Geçenlerde bir arkadaşımla konuşuyordum, erkek arkadaşının yanına Güney Amerika’ya gidiyordu 3 aylığına , nasıl izin aldığını sordum, izin değil “kariyer arası” aldım dedi. şöyle anlatayım, Belçika’da her çalışanın kariyeri boyunca toplam 1 yıllık bir kariyer arasına hakkı var, hatta bu ara bazı sektörlerde 5 yıla kadar uzayabiliyor, ama bu araların 3 er aylık periyotlar halinde kullanılması gerek. Geri döndüğünüzde işinize kaldığınız yerden başlıyorsunuz, patronunuzun sizi bu yüzden kovmaya kesinlikle hakkı yok, en fazla almak istediğiniz ara için başka bir tarih önerebiliyor. İşin en inanılmaz yanı ise bu 3 ay boyunca size ayda 500 Euro ödeniyor olması! Düşünsenize böyle bir uygulamanın Türkiye’de olduğunu? Burada çalışanlar karşılığı ödenmeden asla fazla mesai yapmıyor, yılda 4 hafta paralı tatile çıkıyor, ama bu sistemle ekonomi tıkır tıkır işliyor.

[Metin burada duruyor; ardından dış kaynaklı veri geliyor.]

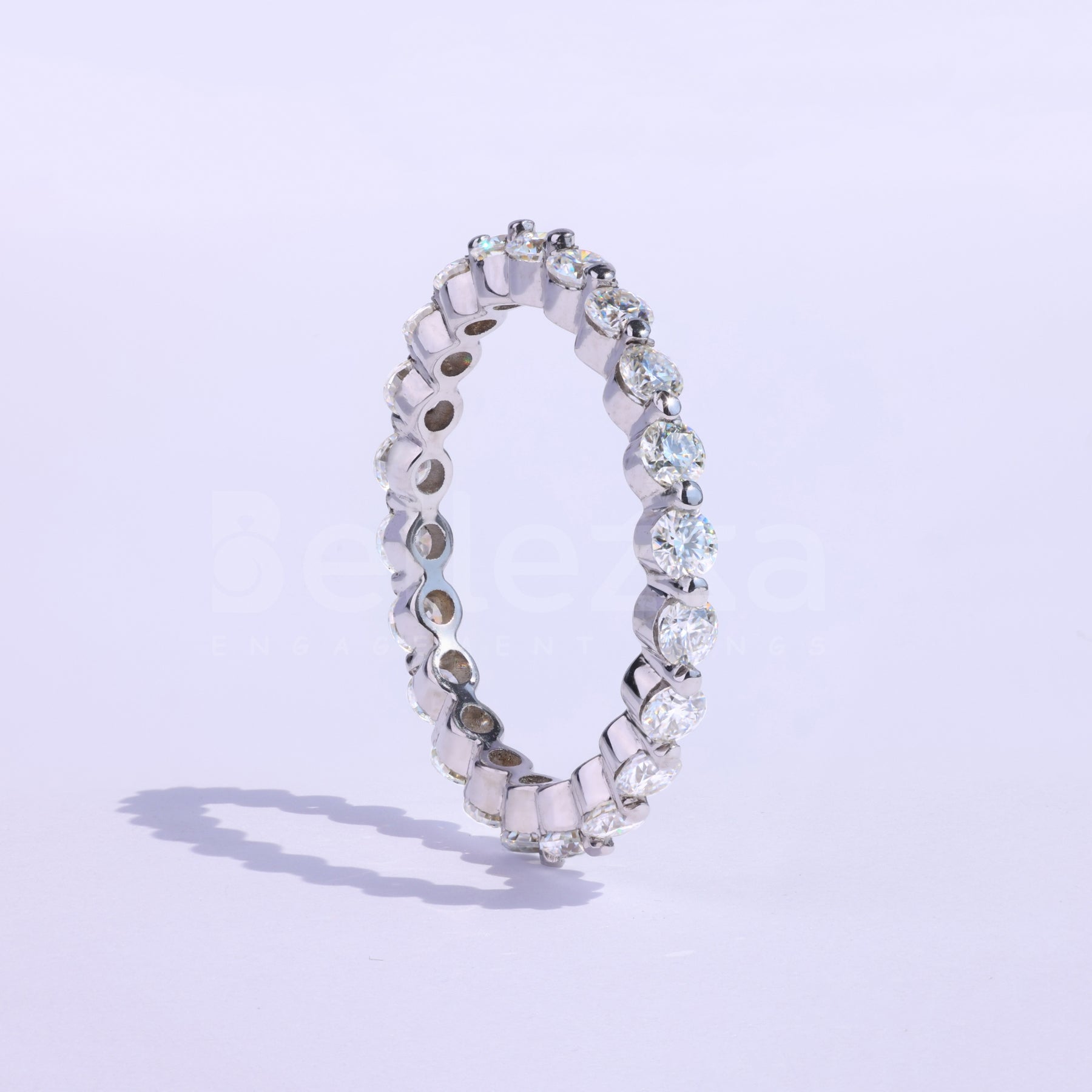 Round Brilliant Bubble Prong Moissanite Wedding Band - Ready to Ship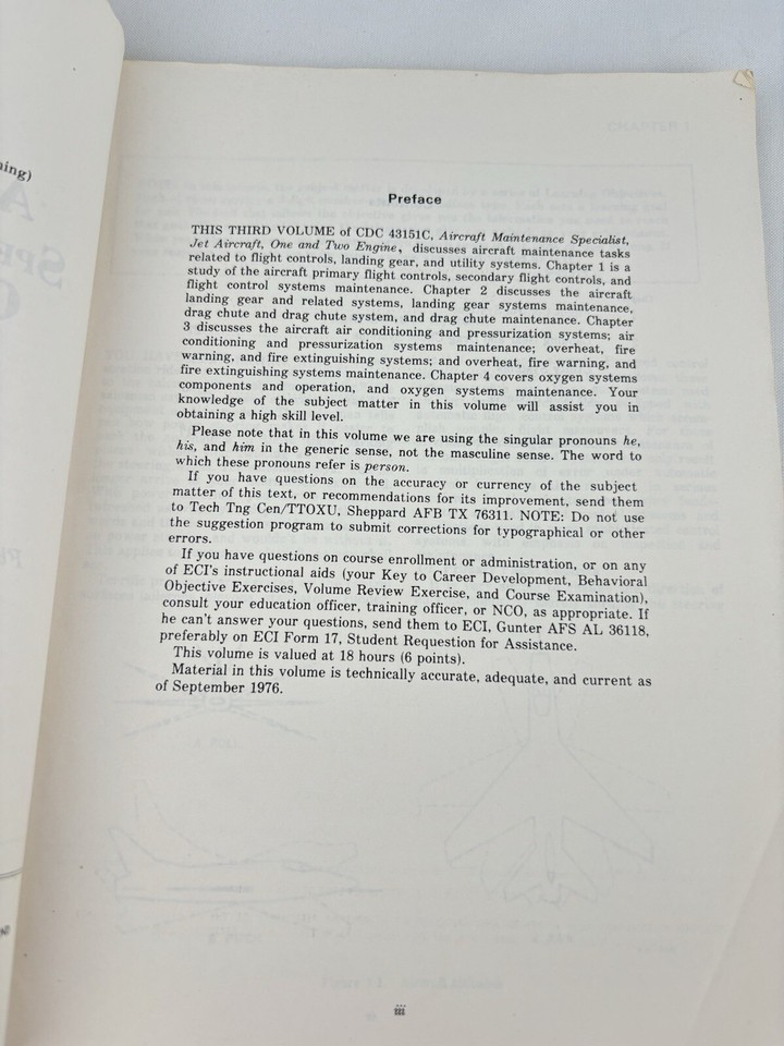 Air University Volume 3 Aircraft Maintenance Specialist, Jet Aircraft, One and Two Engine Book - AFSC 43151C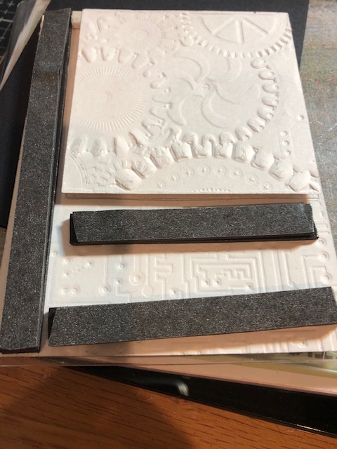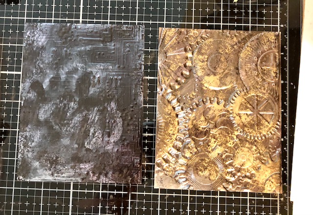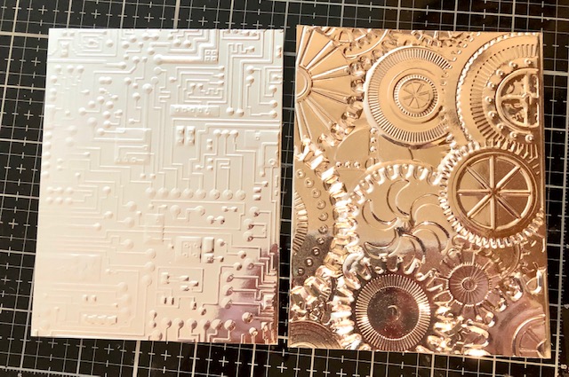 - Emboss two of the foil surface sheets, one with Circuit and the other with Mechanics. These are both silver, despite how the picture looks =). Trim the circuit piece to 4″ x 5 1/4″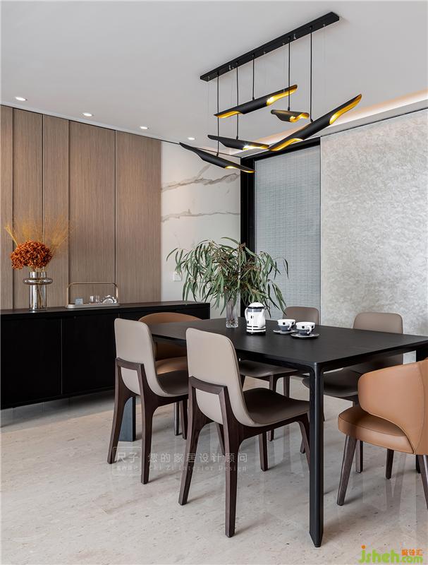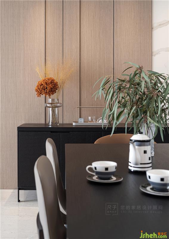 為延續(xù)空間的整體性,餐廳墻面采用了與客廳一致的材質(zhì)造型;褪去復(fù)雜的裝飾元素,高低錯落護(hù)墻板與時尚輕靈的藝術(shù)涂料,從肌理效果上呈現(xiàn)了更多細(xì)節(jié)。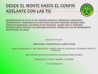 Este documento presenta el plan de implementación de las TIC en los procesos directivo, pedagógico, administrativo y financiero de la Institución Educativa Municipal Eduardo Romo Rosero entre 2011-2013. Inicialmente, la institución carecía de conectividad e infraestructura tecnológica y los docentes no estaban capacitados en TIC. El plan busca optimizar la gestión escolar mediante el uso de herramientas TIC como página web, correo electrónico y sistematización de información.
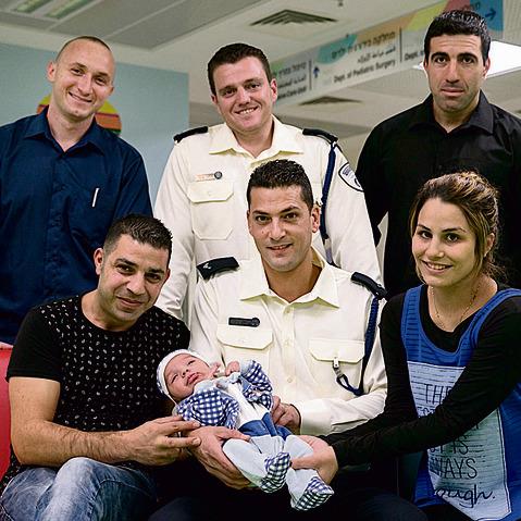 Кроме парней, которые находились в служебном автомобиле. Они вышли, чтобы узнать в чем проблема и обнаружили семью из Восточного Иерусалима, взволнованных родителей с маленьким ребенком, Они спешили в больницу. «Он не дышит,» — в слезах сказал отец полуторамесячного мальчика.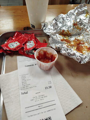 Read moreI recently visited Five Guys at Champs-Elysees with my friends on a weekend. As we were eager to try their famous burgers, we arrived early. Despite the crowd, we were able to find a seat and place our order promptly. The service was efficient and friendly, and our burgers arrived shortly after we ordered.

Biz de bunların hepsini hak ediyoruz, ama hak ettiğimizin bilincinde değiliz ki! İstemiyoruz, daha doğrusu istemeyi bilmiyoruz, hak ettiğimizi düşünsek kırıp dökmeye ihtiyaç duymazdık zaten. Ama biz istemeyi bilmediğimiz gibi, hakkıyla çalışmayı da her zaman beceremedik.
Oysa demiş ki Atatürk; “Hiçbir şeye ihtiyacımız yok, yalnız bir şeye ihtiyacımız vardır, çalışkan olmak! » Ne için çalışırsan onun meyvelerini toplarsın, ama akıllıca çalışmak ve yeri geldiğinde neyi hak ettiğini bilip onu talep etmek gerekir, çünkü; « Çalışmak demek, boşuna yorulmak, terlemek değildir. Zamanın gereklerine göre bilim ve teknik ve her türlü uygar buluşlardan azami derecede istifade etmek zorunludur ».
Atatürk’ü, ilke ve istekleri doğrultusunda çalışan ve hak aramayı bilen bir toplum olmamız dileğiyle saygıyla anıyorum.